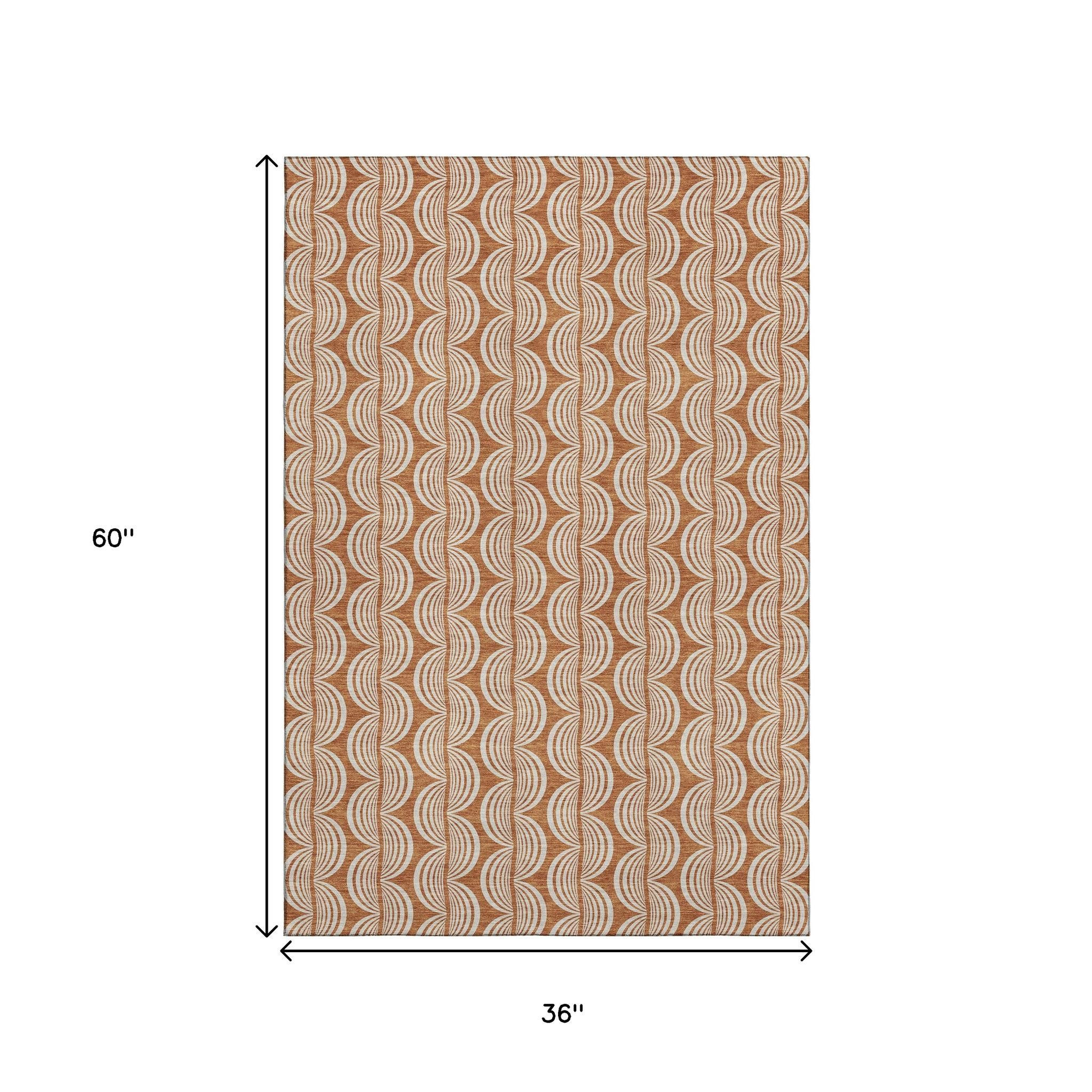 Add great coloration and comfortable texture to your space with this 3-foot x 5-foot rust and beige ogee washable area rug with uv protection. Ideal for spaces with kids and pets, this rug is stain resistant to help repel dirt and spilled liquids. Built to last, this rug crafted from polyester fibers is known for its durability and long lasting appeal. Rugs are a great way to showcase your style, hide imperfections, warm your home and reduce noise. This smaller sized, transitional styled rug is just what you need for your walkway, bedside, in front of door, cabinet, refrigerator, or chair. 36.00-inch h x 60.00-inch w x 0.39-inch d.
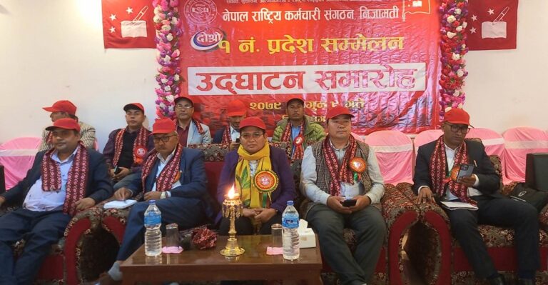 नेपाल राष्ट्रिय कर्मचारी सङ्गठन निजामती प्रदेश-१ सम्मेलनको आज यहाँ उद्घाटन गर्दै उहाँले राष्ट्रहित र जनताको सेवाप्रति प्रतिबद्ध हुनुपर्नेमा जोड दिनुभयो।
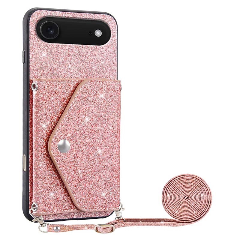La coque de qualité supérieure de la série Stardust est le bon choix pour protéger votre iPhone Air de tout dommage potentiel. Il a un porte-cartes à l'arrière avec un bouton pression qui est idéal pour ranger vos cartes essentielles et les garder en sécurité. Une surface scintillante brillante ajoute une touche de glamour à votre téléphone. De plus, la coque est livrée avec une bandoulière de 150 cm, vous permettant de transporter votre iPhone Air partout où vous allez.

-=-=-=-=-

An exact transcription of the material is required, without any pictures.

 Add great coloration and comfortable texture to your space with this 3-foot x 5-foot rust and beige ogee washable area rug with uv protection. Ideal for spaces with kids and pets, this rug is stain resistant to help repel dirt and spilled liquids. Built to last, this rug crafted from polyester fibers is known for its durability and long lasting appeal. Rugs are a great way to showcase your style, hide imperfections, warm your home and reduce noise. This smaller sized, transitional styled rug is just what you need for your walkway, bedside, in front of door, cabinet, refrigerator, or chair. 36.00-inch h x 60.00-inch w x 0.39-inch d.
 नेपाल राष्ट्रिय कर्मचारी सङ्गठन निजामती प्रदेश-१ सम्मेलनको आज यहाँ उद्घाटन गर्दै उहाँले राष्ट्रहित र जनताको सेवाप्रति प्रतिबद्ध हुनुपर्नेमा जोड दिनुभयो।
La coque de qualité supérieure de la série Stardust est le bon choix pour protéger votre iPhone Air de tout dommage potentiel. Il a un porte-cartes à l'arrière avec un bouton pression qui est idéal pour ranger vos cartes essentielles et les garder en sécurité. Une surface scintillante brillante ajoute une touche de glamour à votre téléphone. De plus, la coque est livrée avec une bandoulière de 150 cm, vous permettant de transporter votre iPhone Air partout où vous allez.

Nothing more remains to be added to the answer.